Data Classification Process



Discovery & labeling



Run automated discovery to detect PII/PHI/PCI and tag assets; apply rules to map detections to High/Medium/Low labels; stewards adjudicate edge cases; propagate labels through lineage.



Enforcement



Use labels to drive RBAC/ABAC, apply deterministic masking/tokenization in lower environments for High/Medium as policy requires, encrypt everywhere, and redact/tokenize in exports, BI views, and APIs.



Evidence



Record label changes, policy evaluations, and control executions as tamper-evident logs attached to each release—shrinking audit timelines and enabling continuous compliance.

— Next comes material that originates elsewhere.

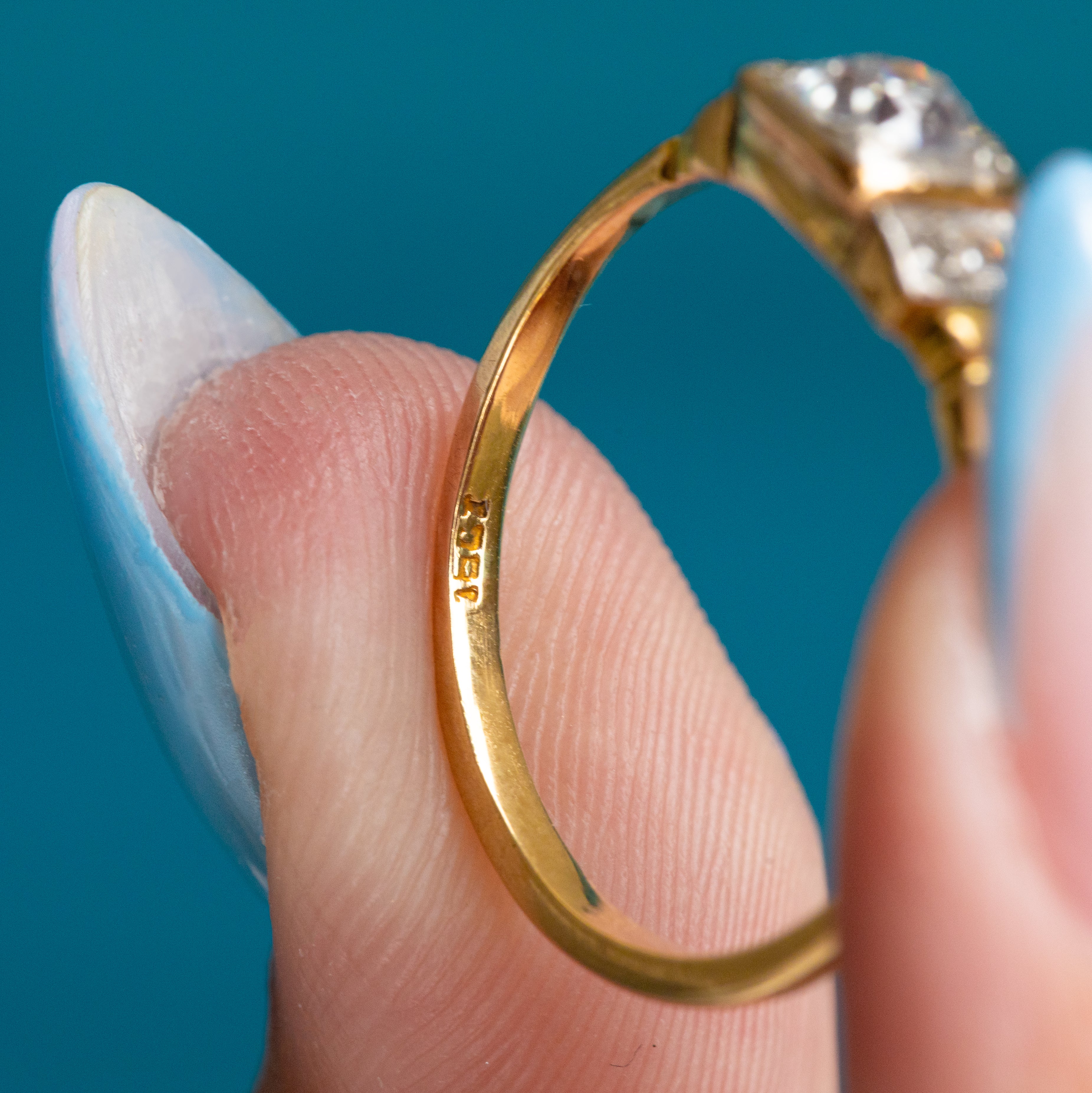 The Diamonds are displayed within geometric Platinum settings, giving the ring a classic Art Deco look, with the smooth 18ct Gold band providing a comfortable fit. Perfect for everyday wear, this antique Diamond ring was created to stand the test of time and will delight for years to come!

Data Classification Tools and Capabilities to Prioritize



  • High-quality detectors (PII/PHI/PCI) with custom patterns/dictionaries.

  • Deterministic masking/tokenization that preserves referential integrity across joins.

  • Rule engine: detections → High/Medium/Low → control actions.

  • APIs & CI/CD gates for automated checks before promotion.

  • Lineage & propagation across pipelines and sinks.

  • Audit-ready reports per release/domain/regulation.

  • Role-based access and clean segregation by environment.




How Gigantics Operationalizes Data Classification Across All Environments



Gigantics makes data classification actionable across production, staging, development, analytics, and backups by turning labels into concrete, repeatable actions—without adding process overhead.


  • Discovery & labeling: detect PII/PHI/PCI patterns and apply consistent labels (e.g., Public, Internal, Confidential, Restricted) to columns and datasets.

  • Label-driven protection: enforce deterministic masking/tokenization (with referential integrity preserved) for labeled data in lower environments; keep encryption/monitoring aligned to policy.

  • CI/CD checks: use API-based data gates to verify that assets are classified and required protections ran before promotion.

  • Evidence: generate audit artifacts that link classification results to the protections applied for each run or release.


Result: classification that is enforced the same way in every environment, with clear proof of what was protected and when.


Operationalize data classification with confidence.

Turn labels into consistent controls and evidence across environments—without slowing delivery. See how Gigantics enforces data classification through automated checks and audit-ready artifacts.

Schedule a demo


FAQs about Data Classification



1) What is data classification?



Data classification assigns sensitivity labels to data—based on business impact and regulatory exposure—so controls for access, protection, retention, and evidence are applied consistently across systems and environments.



2) What’s the difference between data classification levels and types?



Levels (High/Medium/Low) express relative sensitivity; types (Public, Internal, Confidential, Restricted) are a policy taxonomy. Many programs use both with a simple mapping (e.g., Restricted → High).



3) What should a data classification policy include?



Scope across all environments, level/type definitions with examples, required controls per level (access, encryption, masking/tokenization, retention, logging), ownership/RACI, exception handling, and an audit model tied to GDPR/HIPAA/NIS2 obligations.



4) How is data classification enforced in CI/CD and lower environments?



Pipelines run policy checks (“data gates”) that verify assets are classified and required protections were applied before promotion. For sensitive labels, deterministic masking/tokenization is enforced in non-production; encryption and monitoring are verified everywhere.



5) How often should data be reclassified, and who owns it?



Review classification on schema changes, data drift, or quarterly at minimum. Business owners and data stewards own labels; security/compliance define policy and verify evidence, with engineering automating checks and propagation.